W niedzielę Lech Poznań zmierzy się po raz czwarty w tym roku z Zagłębiem Lubin. Tym samym lechici rozegrają ostatni mecz tej jesieni przy ulicy Bułgarskiej.
Kolejorz po fatalnej serii zaczął regularnie wygrywać. Od połowy października podopieczni trenera Jana Urbana nie przegrali jeszcze żadnego spotkania w Ekstraklasie. Lech zajmuje siódme miejsce w tabeli, tuż przed nim jest ich najbliższy rywal, Zagłębie Lubin. – Ich styl gry za dużo się nie zmienił. Mają stabilny skład. My graliśmy z Zagłębiem już trzy spotkania w tym roku. Na pewno przyjadą do Poznania, aby wykorzystać to, że my graliśmy mecz Ligi Europy. Na pewno tutaj upatrują swojej szansy. Są w dobrej sytuacji w tabeli. Piotr Stokowiec wykonuje super prace. Na nich nie będzie ciążył stres i wielka odpowiedzialność. Oni mają dużo więcej do wygrania niż do stracenia – ocenia rywala trener Jan Urban.
Mistrzowie Polski przed meczem z FC Basel zapewniali, że tym razem zamierzą pokonać Szwajcarów i odgryźć się na rywalu. Szkoleniowiec Miedziowych zapewnia, że jego drużyna chce pokonać Kolejorza, by odpłacić się za porażkę w Pucharze Polski. – Oby na odgrażaniu trenera Stokowca skończyło się tak samo jak na naszym odgrażaniu z FC Basel. Wiemy, że będziemy musieli wybiegać i wywalczyć zwycięstwo. Zagłębie ma o dwa punkty niż my. Szykuje się fajne widowisko. Jesteśmy zespołem, który cały czas pnie się w górę tabeli – przyznaje pierwszy trener Lecha.

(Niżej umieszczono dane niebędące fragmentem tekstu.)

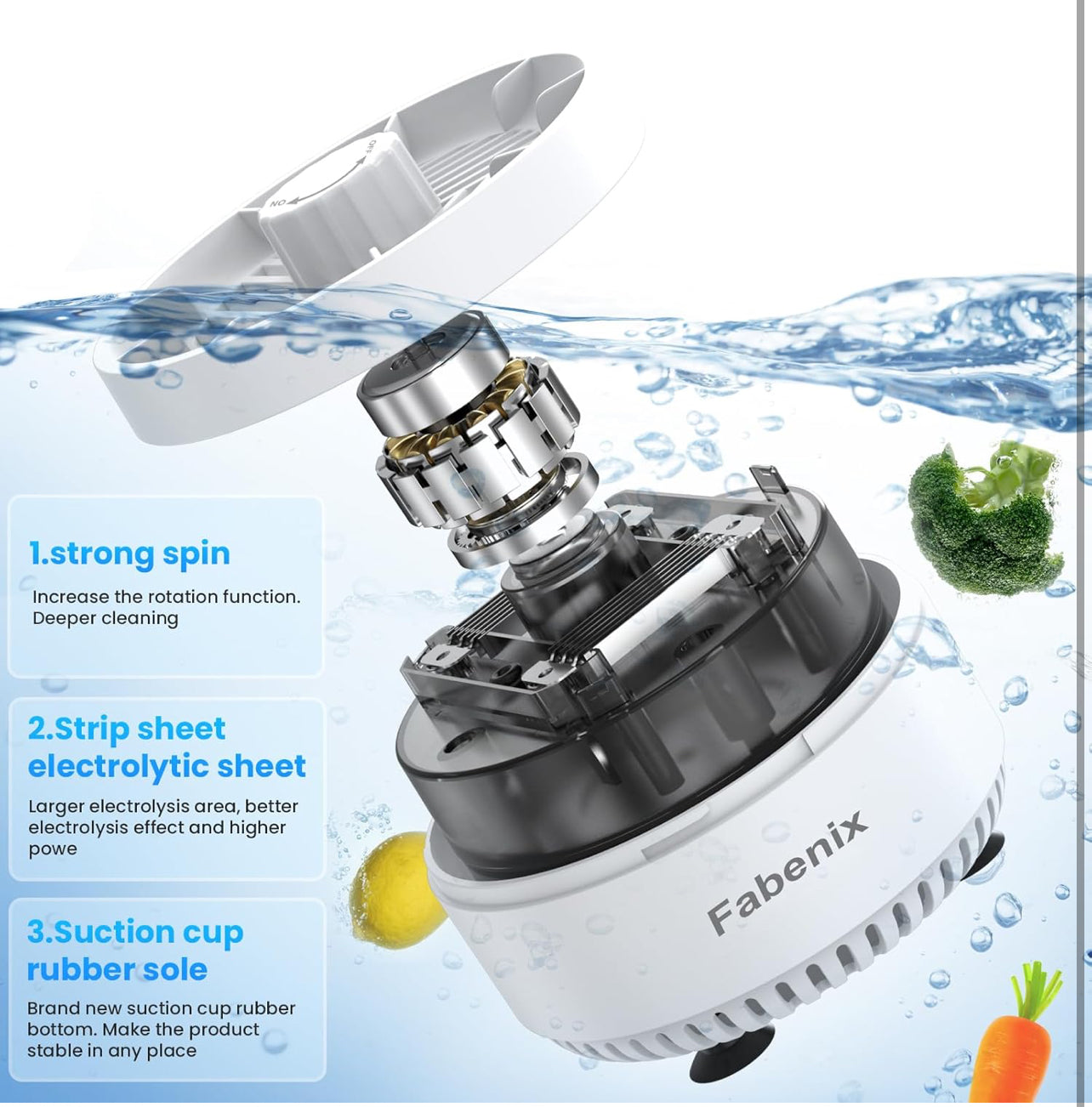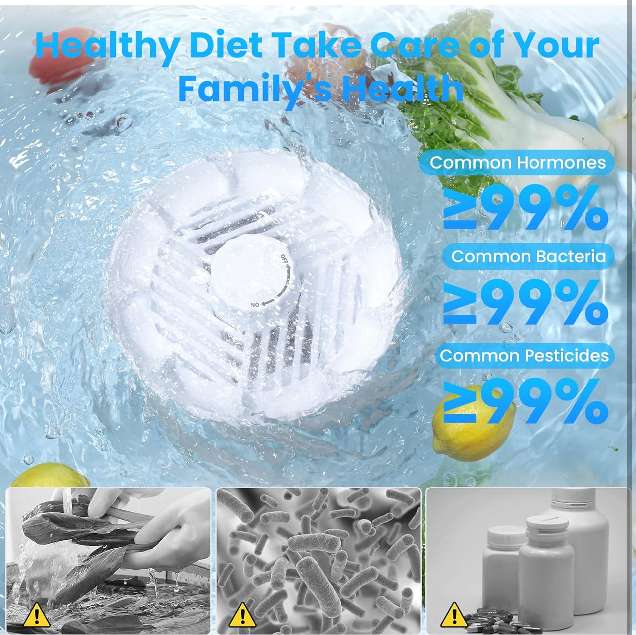 - Amplia y cómoda de usar: esta lavadora de frutas y verduras adopta una nueva tecnología inteligente. Se encenderá automáticamente cuando se coloca en el agua, y se detendrá automáticamente cuando salga de la superficie del agua para ahorrar energía. El purificador de frutas y verduras puede purificar frutas y verduras, productos acuáticos, carne, vajilla, granos, utensilios de cocina, vasos y joyas. Adecuado para todo tipo de contenedores.

Miedziowi to beniaminek w Ekstraklasie, dwukrotnym mistrzem Polski. To zespół z ogromnym potencjałem, który w tym sezonie z Kolejorzem już wygrał, 14 sierpnia w Lubinie. – Zagłębie miało negatywną pass, ale ostatnio znowu pokazali, że potrafią punktować. Rozmawiamy o beniaminku, jednorocznym, który w swoich szeregach ma mnóstwo zawodników z doświadczeniem w Ekstraklasie. Beniaminkiem jest Termalica, a Zagłębie to doświadczona drużyna. W sierpniu Miedziowi zagrali dobrze, bo wykorzystali słabość Lecha. Ja jednak nie chcę tego komentować, bo mnie wtedy w Poznaniu nie było – komentuje szkoleniowiec mistrza Polski.
W niedzielnym meczu z Zagłębiem nie będzie mogło wystąpić kilku czołowych zawodników. Mocno obsadzona poznańska obrona zmalała do pięciu piłkarzy. Zdrowi są: Tomasz Kędziora, Tamas Kadar, Marcin Kamiński, Paulus Arajuuri i Barry Douglas. Pierwsza trójka ma na swoim koncie trzy żółte kartki. – Mamy tylko pięciu obrońców. Trudno zatem mówić komuś, że nie może złapać żółtego kartonika. Chodzi oto, aby nie zdobyć głupiej, nierozsądnej żółtej karki. Jeśli któryś z zawodników otrzyma ją w ferworze walki, to nie będziemy mieć nikomu za złe – kończy trener Urban.